MACHINES COULD REPLACE HALF OF U.S. OCCUPATIONS
Can machines really replace humans on the job? Yes. According to a new study done at the University of Oxford in the U.K., nearly half of all work in the United States is at risk of being lost to machines.
With new tech advances, such as artificial intelligence that can duplicate human reasoning and mobile robots, it is “likely that occupations employing almost half of today’s U.S. workers, ranging from loan officers to cab drivers and real estate agents, become possible to automate in the next decade or two,” reports Bloomberg.

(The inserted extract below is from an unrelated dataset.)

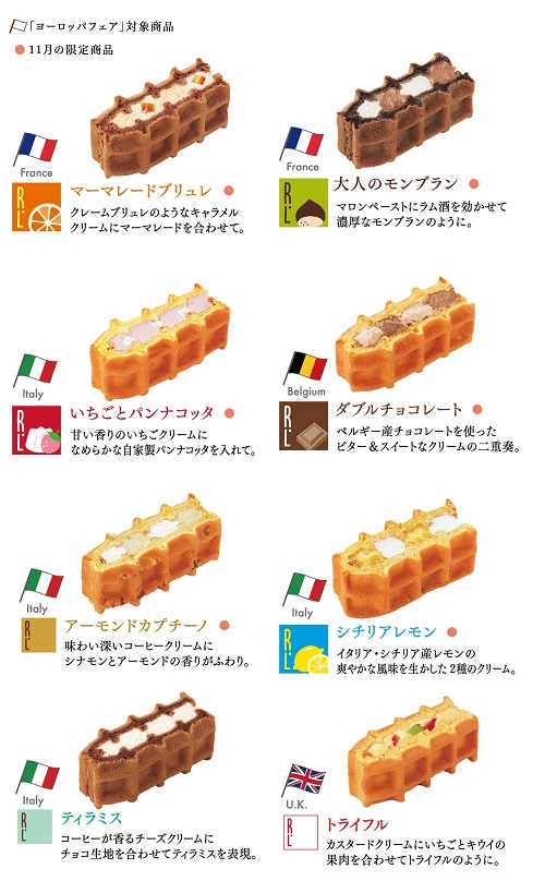 11月は「ヨーロッパフェア」として、フランスのモンブラン、イタリアのパンナコッタ、ベルギーのチョコレートなど 各国の代表的なスイーツや食材をワッフルにアレンジ。
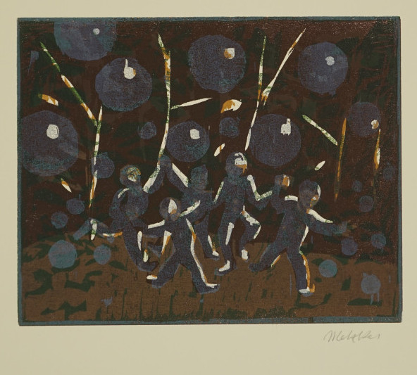 Galerie BlaubeerenbubenMappe: Berliner Grafikpresse 13.Druck "Hänschen im Blaubeerenwald"Farbholzschnitt, 24,0x30,0 39,0x59,5 cm, 3/15 2009Metzkes Harald

And we’re not just talking about factory work.
According to Carl Benedikt Frey, co-author of the study and a research fellow at the Oxford Martin Programme on the Impacts of Future Technology, advances in machine learning can make it easier for machines to do the job of humans. Machine learning is a kind of artificial intelligence that makes software “learn” how to make decisions by examining patterns in those humans have made. This evolution means machines can replace jobs from typists to travel agents.
Frey and colleague Michael Osborne looked at 702 U.S. occupations and determined 47 percent of occupations could be automated “perhaps over the next decade or two,” their analysis showed.
Top of the list of jobs at risk was loan officers with a 98 percent probability. One online company called Daric Inc. already uses an algorithm that determines who was a safe borrower in the past as well as who is creditworthy.The company doesn’t have one loan officer.
There is even software that could possibly eliminate lawyers, especially when it comes to researching documents. It took one law firm 600 hours to pour through 1.3 million evidence documents using such software. Without it, it would have taken 13,000 hours if humans had to do the reading.
Smart software is pushing self driving cars into reality, which means taxi drivers and heavy truck drivers could be replaced too.
But machines can’t replace humans in all vocations. They are unable to interact and improvise. “Neither can machines come up with novel and creative solutions or learn n from a couple examples the way people can,” reports Bloomberg. Still, workers should broaden their knowledge and move into jobs that demand more cognitively complex tasks, warns Frey. “It’s a race between technology and education,” he says.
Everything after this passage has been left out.